In Uncategorized on February 23, 2010 at 9:00 pm

Title: Program Development in Java

Author: Barbara Liskov, John Guttag

Publisher: Addison-Wesley

Year: 2001

I read this book because of Barbara Liskov. I first heard of Liskov via the Liskov substitution principle (also see 1 2). The book has a very academic flavor: there is discussion of a representation invariant, the meaning of subtypes, and the Alloy specification language is used, along with a novel notation for depicting dependencies between modules.

Weighing in at 400 pages, this is a large book. This review will cover the parts I found interesting.


The book talks a lot about abstraction.

  1. Abstraction by parameterization abstracts from the identity of the data by replacing them parameters.
  2. Abstraction by specification abstracts from the implementation details to the behavior users can depend on.

This reminds me of the recent paper On Understanding Data Abstraction. The book primary talks about data abstraction (objects), and iteration abstraction (iterators).


The book has an interesting take on exceptions. Say you have a function:

int search (Object elem);
  • If this is a binary search, then you should checkPrecondition (this.isSorted()) at the beginning. However, this would take too long, so you should throw an exception if you discover the array isn’t sorted. Essentially, check all preconditions at the beginning unless it isn’t feasible, and throw an exception if there is cause.
  • In any search, you should throw an exception when the element isn’t found (don’t return -1). Don’t change the function’s range from <index> to <index, or -1 if not found>. The author argues that returning -1 is more error prone, as the caller may forget to check for this special case.
  • The authors recommend unchecked exceptions only if you expect that users will usually write code that ensures the exception will not happen. They cites indexing into an array as an example.

Data Abstraction

From what I understand, here’s the recommended way of using equals, clone, and toString:

  • Should implement for immutable objects, must leave alone for mutable objects. The only concept of equality for mutable objects is identity.
  • Don’t ever, ever use mutable objects when you expect immutable objects (for instance, keys in a hash table).
  • Mutable objects must implement clone.
  • toString should be implemented by all.
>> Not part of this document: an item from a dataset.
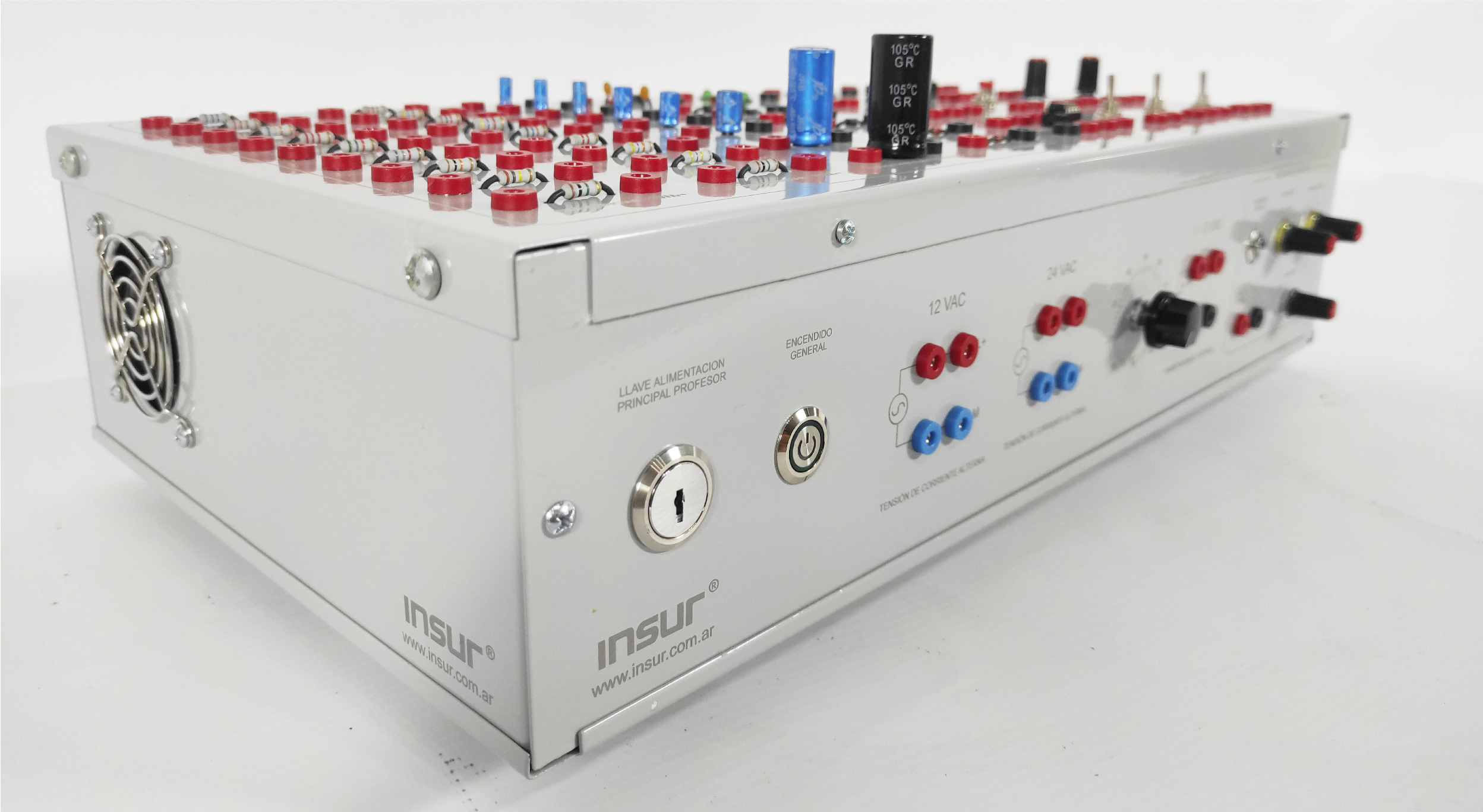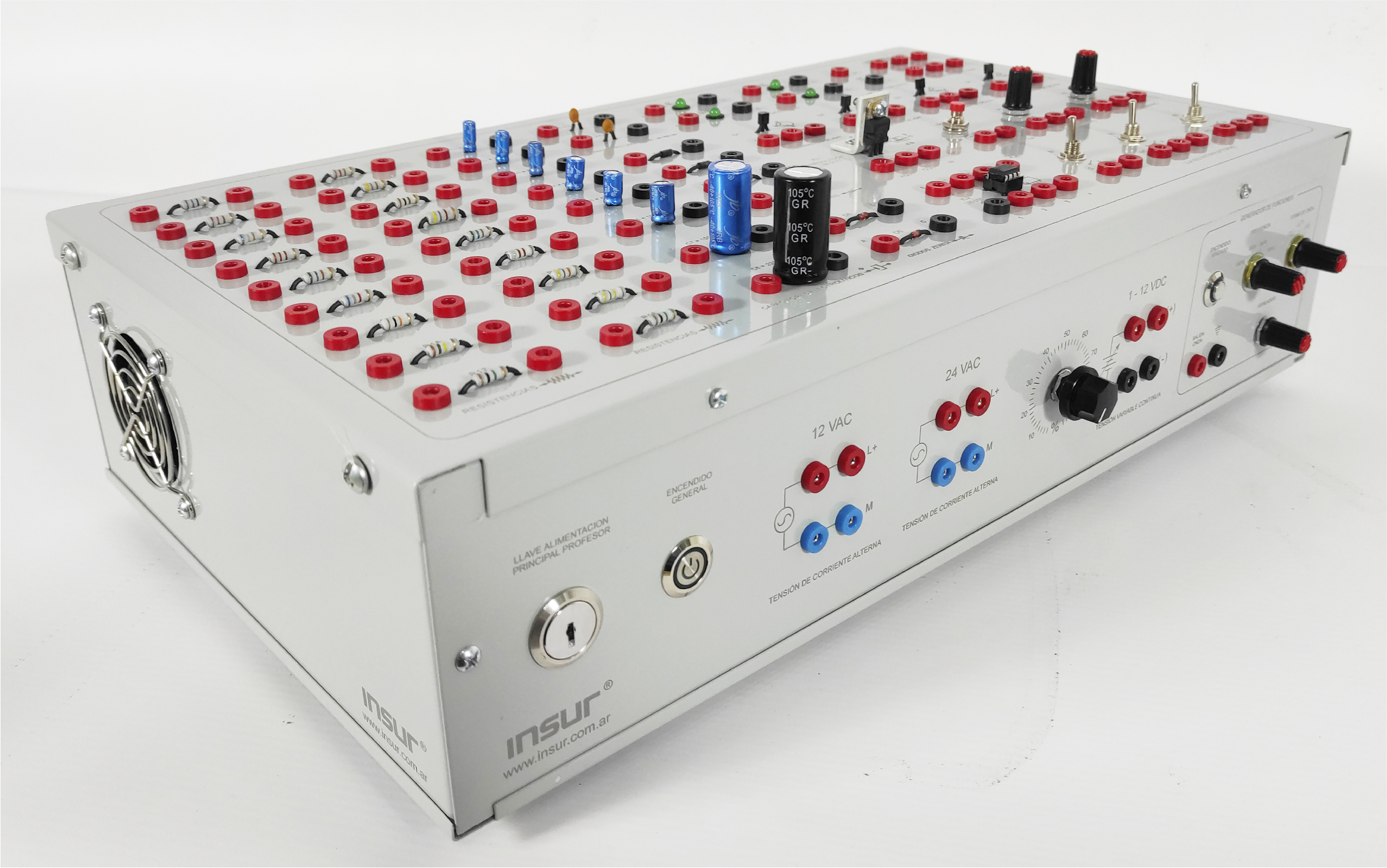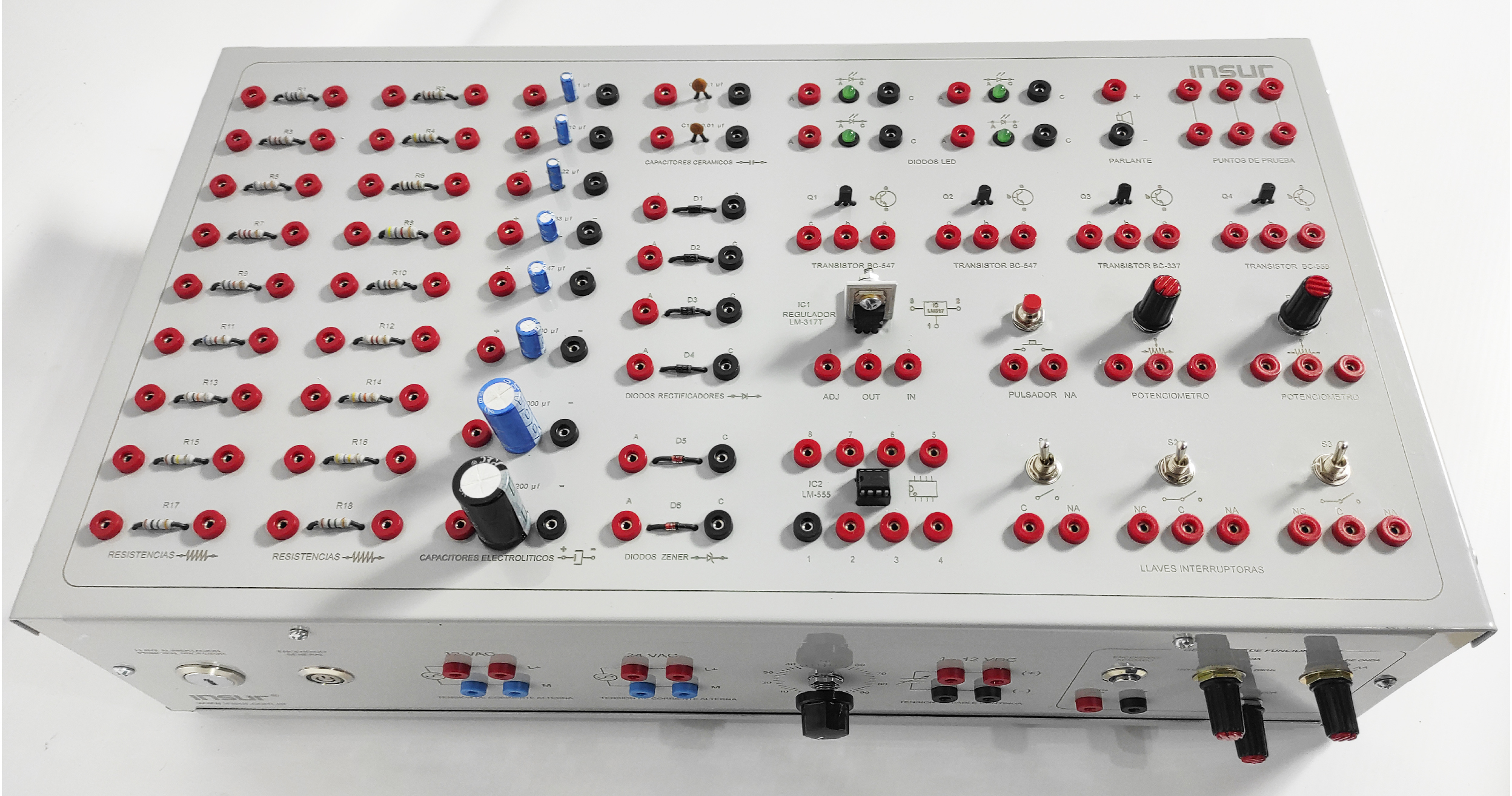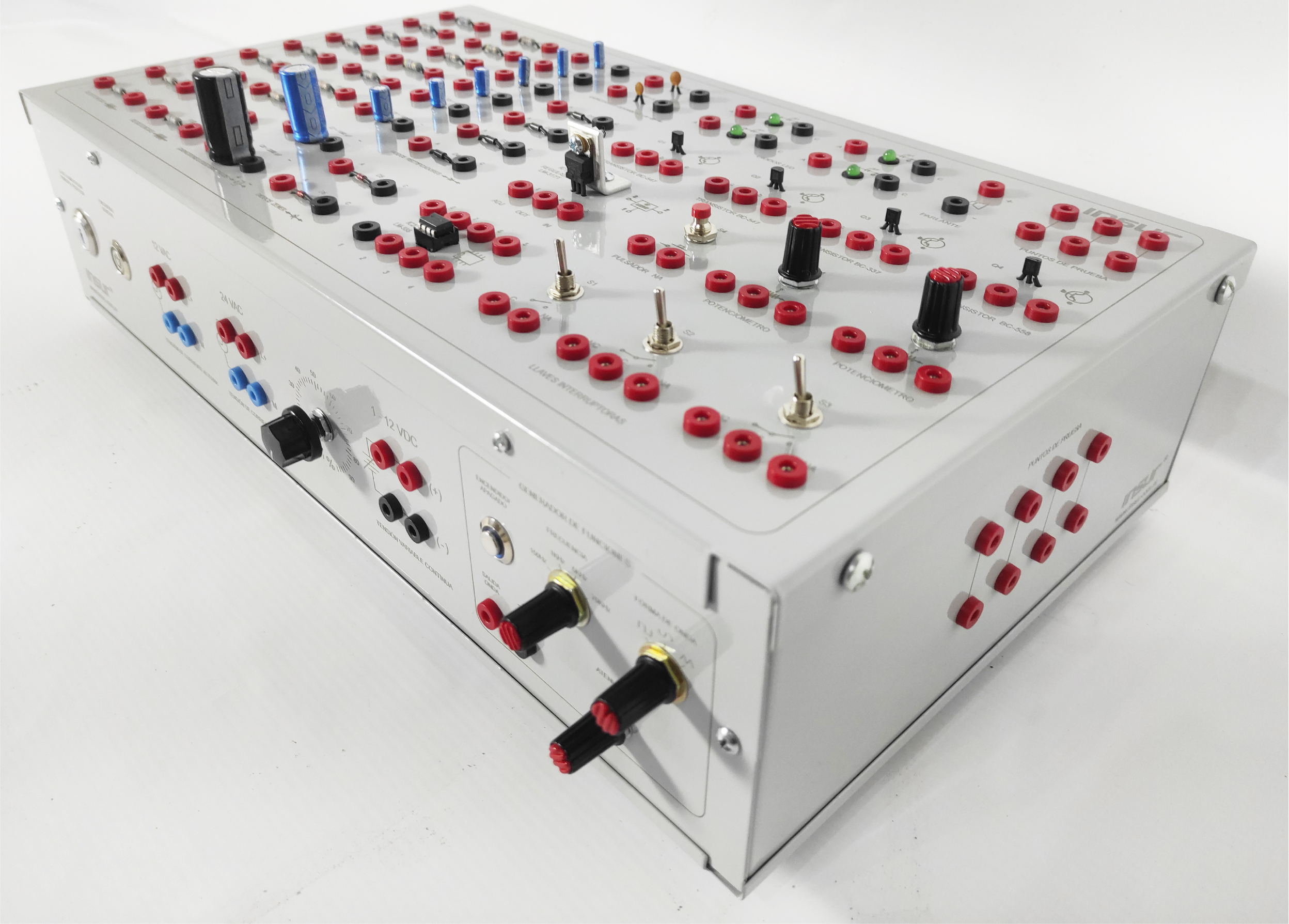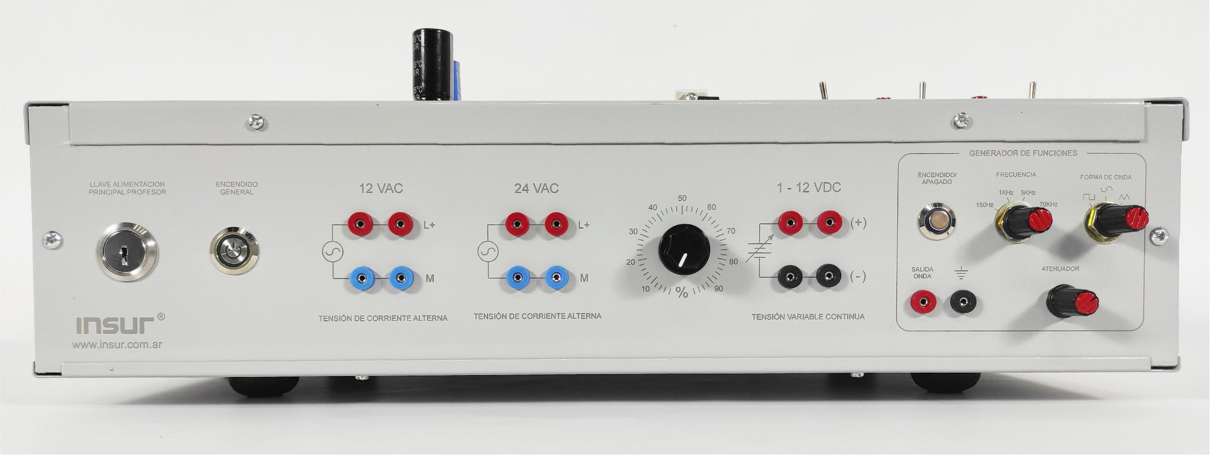 Características eléctricas: alimentación monofásica 110/220 Volts , 50/60 Hertz , con puesta a tierra. Fuente de tensión alterna, 12 y 24 VAC. Fuente de tensión continua variable 1 a 12 VDC

Equality is defined as such:

Two objects should be equals if they are behaviorally equivalent. This means that it is not possible to distinguish between them using any sequence of calls to the objects’ methods.

Type Hierarchy

Of course, the book talks about the substitution principle 1. Subtypes must:

  • Have all the methods of the supertype, and the signatures of these methods must be compatible 1.
  • Behave like the supertype methods. A subtype method can weaken the precondition, and strengthen the postcondition:
    • presuper → presub
    • (presuper && postsub) → postsuper
  • Preserve all properties that can be proved about the supertype (all the preconditions and postconditions).

The book notes that Java’s notion of compatibility is too strict. Given Foo x, we should be allowed to write Foo y = x.clone() instead of having to write Foo y = (Foo) x.clone().


I liked the distinction between definitional versus operational specifications. The discussion on specifications was brief.


From the book:

  • Validation increases our confidence that the program works as intended (through verification or testing).
  • Verification is a formal or informal argument that a program works on all possible inputs.
  • Testing is the process of running a program, and comparing the output to what was expected.

The book has some hints on glass-box testing (aka white-box testing):

  • For loops with fixed amount of iteration: include one and two iterations.
  • For loops with variable amount of iteration: include zero, one, and two iterations.
  • For recursion: no recursion, and one recursive call.

This reminds me of some program (I can’t recall the name) for selecting test inputs. It was based on pairwise testing 34.

The exercises at the end of the chapter on testing are interesting.

Requirements Specification

I found the notation confusing. I hadn’t seen the UML-like notation the authors used for specifying relations. They used the Alloy specification language, which doesn’t have many users. I don’t know what the graphical notation, or the Alloy language added to the book. I also wonder if Alloy would’ve been used had it originated at some other university.

Still, the taxonomy of relations was interesting:

  • Each relationship has a source and destination,
  • multiplicity (N:M), and
  • mutability.


The design chapter offered a fresh perspective: library and helper routines as “virtual machines.”

The Java Virtual Machine is every where. When you program for a virtual machine, you program against some useful abstraction. Perhaps memory is abstracted away, or I/O. In that respect, each library offering a high level API is a virtual machine of sorts, and so is each helper routine.

Design progresses by modular decomposition based on the recognition of useful abstractions.